The parallels go well beyond the principals and the theme of assassination. Henning finds contemporary equivalents even for Shakespeare’s supporting characters. Brutus’ wife, Portia, is now Lady Bird Johnson (Susan Denaker), JFK’s political adversary Casca appears as Allen Dulles (Bruce Nehlsen), Caesar’s wife, Calpurnia, becomes Kennedy’s widow, Jackie (Casey McKinnon), and executive secretary secretary Evelyn Lincoln (Kelie McIver) executes Soothsayer tasking.

Leaving large passages of Shakespeare’s verse intact, the update dovetails closely with the characters’ motives and the tragic events they set in motion — a credit to the universe-straddling abilities of the 17-member cast.
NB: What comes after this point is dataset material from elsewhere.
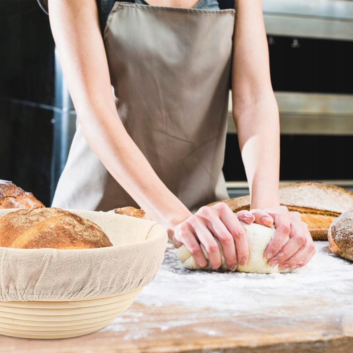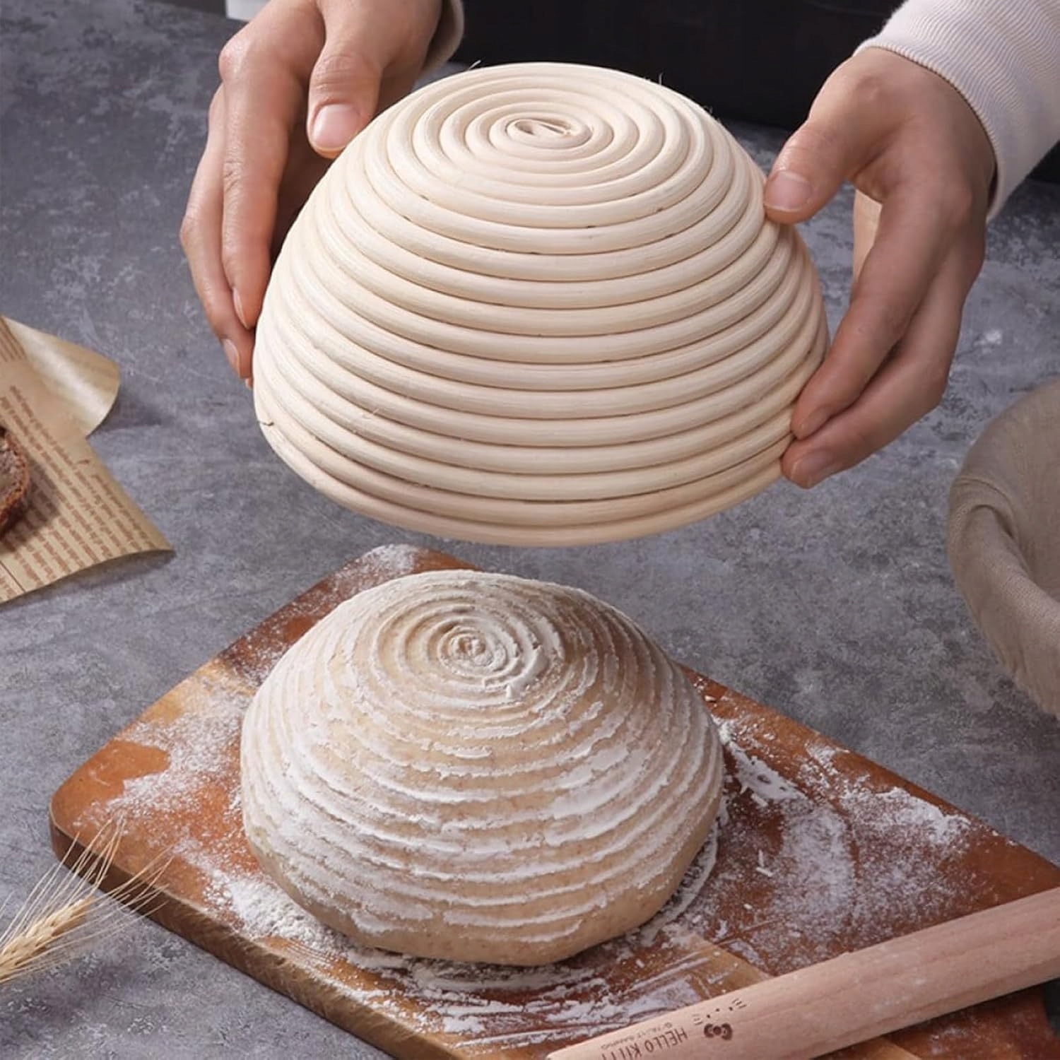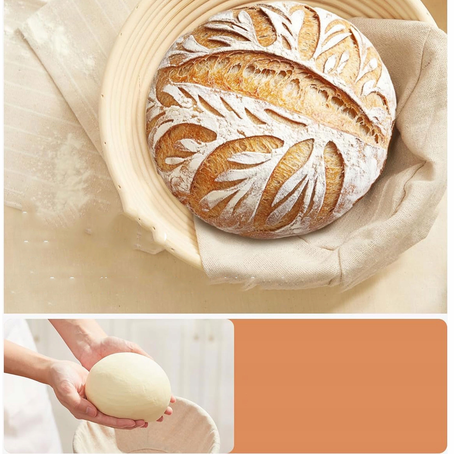 Високоякісні безпечні матеріали: наші 9-дюймові кошики для розстоювання тіста виготовлені зі 100% натурального індонезійського ротанга, мають гладку поверхню та не залишають жодних сколів. Вони постачаються з лляною підкладкою, яку можна прати, і ножем для різьблення, який дає змогу гладко формувати тісто та вирізати красиві візерунки.

Even more impressive is the Texas drawl Winters’ LBJ layers onto the meter (the Kennedy brothers also).

The concept stretches a bit thin during the period of social upheaval following JFK’s assassination, in which the civil rights and anti-war movements are only analogous. Nevertheless, Henning neatly ties it all back to the source with LBJ’s political (rather than literal) suicide, infusing Shakespeare’s text with the heightened emotional and visceral impact of a still-gaping national trauma.


“The Tragedy of JFK (as Told by Wm. Shakespeare)”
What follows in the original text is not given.